YOUR OBJECTIVE
Skipping all pictures, print exactly the lines below from the one with "Интерьер, магазин по" through the final line.

PROVIDED DATA
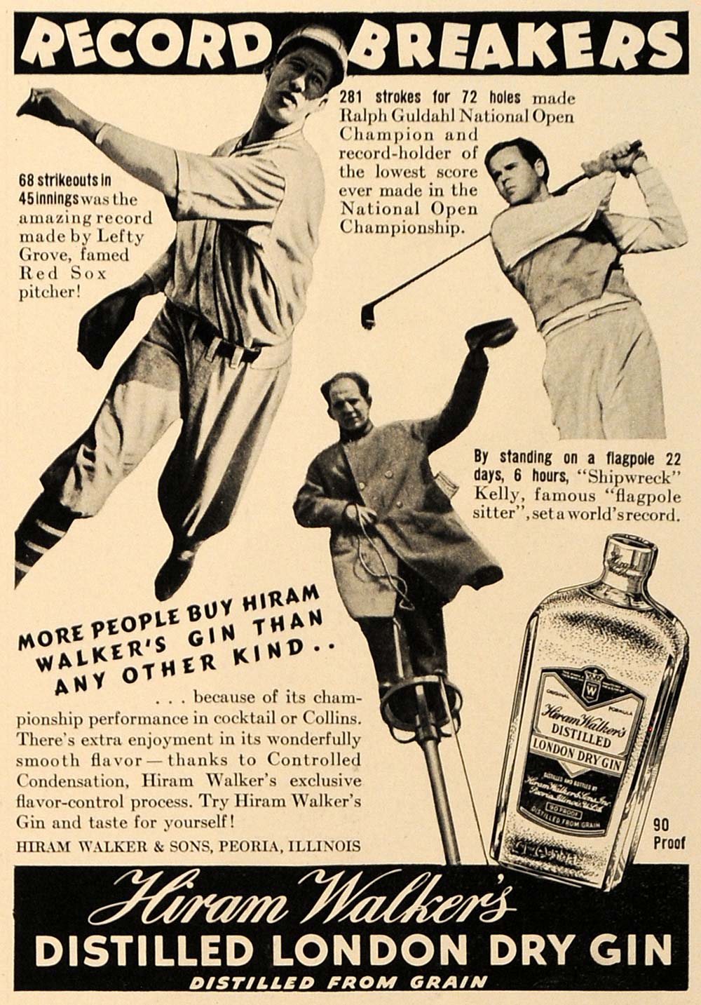 This is an original 1937 black and white print ad for Hiram Walker's Distilled London Dry Gin. The ad features images of Lefty Grove, the Red Sox pitcher, Ralph Guldahl, the National Open Champion, and "Shipwreck" Kelly, the famous flagpole sitter.
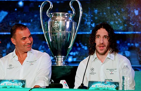 Ruud Gullit và Carles Puyol đến theo một chương trình thương mại của nhà tài trợ cho UEFA Champions League nhưng trong buổi trò chuyện cùng báo chí và người hâm mộ thì họ chính là sứ giả bóng đá châu Âu. Tài ăn nói lưu loát phong cách thể hiện rất nghệ sĩ và hài hước cùng cách nói chuyện thông minh, dí dỏm, cả hai đã để lại những ấn tượng đẹp…
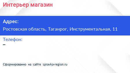 Интерьер, магазин по адресу Ростовская область, Таганрог, Инструментальная, 11 в дальнейшем Организация, размещена в следующих категориях:
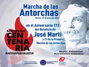Los trabajadores de las Comunicaciones en la capital estamos convocados a participar en la Marcha de las Antorchas, el próximo martes 27 de enero, desde la Escalinata Universitaria hasta la Fragua Martiana, en homenaje al Aniversario 173 del Natalicio de José Martí y al Aniversario 73 de la Primera Marcha de las Antorchas.
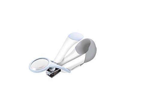 Fold away 4x magnifier to increase confidence and reduce eye strain while trimming babys tiny nails;Features precision, stainless steel blades, and ergonomic sure-grip shape;Officially licensed product of the American Red Cross;Sized and scaled for tiny nails;2 Count
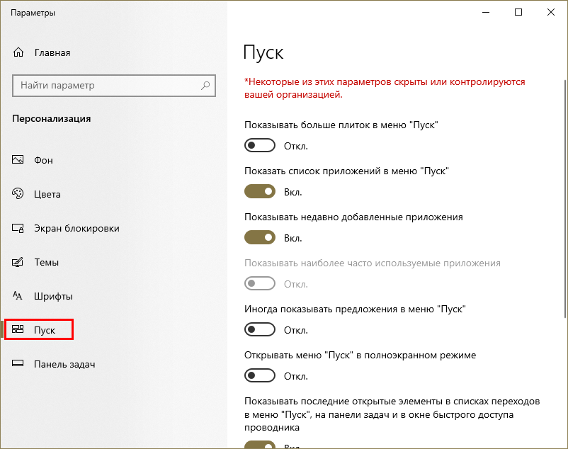 Справа будут показаны настройки меню «Пуск». Семь переключателей:

TASK OUTPUT
 Интерьер, магазин по адресу Ростовская область, Таганрог, Инструментальная, 11 в дальнейшем Организация, размещена в следующих категориях:
Los trabajadores de las Comunicaciones en la capital estamos convocados a participar en la Marcha de las Antorchas, el próximo martes 27 de enero, desde la Escalinata Universitaria hasta la Fragua Martiana, en homenaje al Aniversario 173 del Natalicio de José Martí y al Aniversario 73 de la Primera Marcha de las Antorchas.
 Fold away 4x magnifier to increase confidence and reduce eye strain while trimming babys tiny nails;Features precision, stainless steel blades, and ergonomic sure-grip shape;Officially licensed product of the American Red Cross;Sized and scaled for tiny nails;2 Count
 Справа будут показаны настройки меню «Пуск». Семь переключателей:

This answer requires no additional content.